May inquired about Haley’s definition of “who is a Palestinian.”

“Right now, you have this interesting and kind of illogical situation where somebody who is a Palestinian, living in a territory he considers to be Palestine, can also say, ‘And I’m a refugee from Palestine. Here I am in Ramallah, I’m a refugee from Palestine,'” May argued, wondering: “And why isn’t the Palestinian Authority, which claims to be governing these people, assuming some responsibility as opposed to saying no, there’s a UN agency that does it, it’s funded by the donor community, which means us and a few others, we don’t need to worry about this, we can worry about other things.”

“It’s bigger than that, even,” the ambassador responded. “When you look at UNRWA, there’s a couple of issues there. First of all, you’re looking at the fact that, yes, there’s an endless number of refugees that continue to get assistance, but more importantly, the Palestinians continue to bash America. This is the government, not the people, not the Palestinian people.

“So the government continues to bash America. They have their hand out wanting UNRWA money. We were supposed to […] give them $130 million. We cut it in half, saying that they really needed to reform and fix the things they were doing, because they teach anti-Israeli and anti-American things in their textbooks. They are not necessarily doing things that would cause peace…

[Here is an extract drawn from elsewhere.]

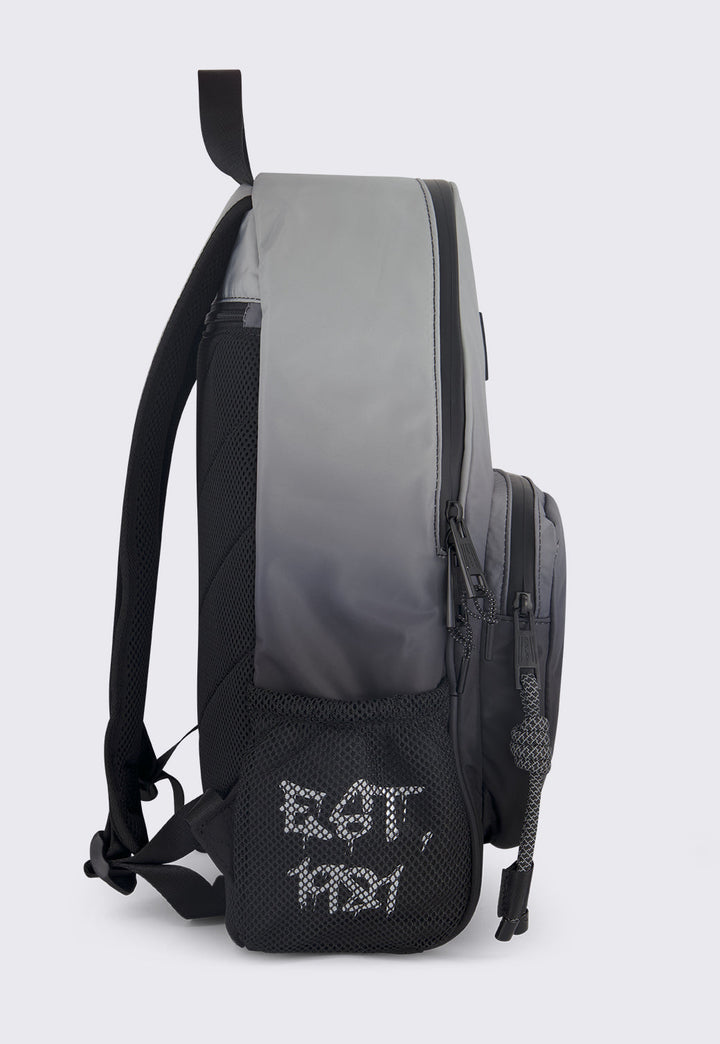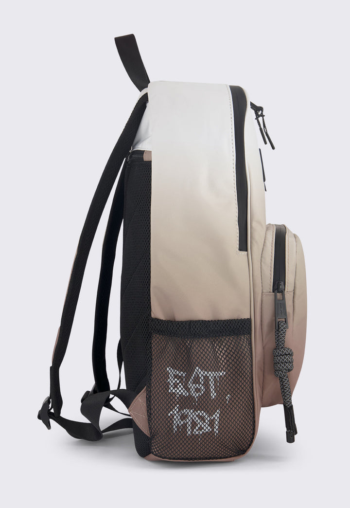 תיאור: תיק גב בית ספר מפוליאסטר בצבעי שחור וחום, במידות מרווחות המתאימות לספרים ומחברות

“So instead of the $130 million, we give them $65 million. They didn’t say thank you. UNRWA had them protest in the streets that we didn’t give more. So at the last Security Council meeting we had on the Palestinian issue and UNRWA, I went and said, ‘You are all so quick to wag your finger at us for not giving more. Where is Saudi Arabia? Where is United Arab Emirates? Where is Kuwait? Where are all of those countries? Do they not care enough about Palestinians to go and give money to make sure these kids are taken care of?”

At this point the audience applauded the ambassador.

She continued: “If the region doesn’t invest in those areas, why are we being faulted for not investing in those areas? They have to have skin in the game. They have to – they’re the ones that fight me every day on Israel issues. But yet they don’t give a penny when it comes to – any more than they have to. They give tokens, and then we still are the largest donor of UNRWA at the same time.

“So it goes to a second set. Our job is not to take the beatings that you give us, saying we’re not kind to Palestinians and then turn around pay for them. Our job is to make sure that, look, we’ll be a partner with you, but only on a partner basis of something you believe in. So you show us you care, and then we’ll come back and decide if we’re going to give.”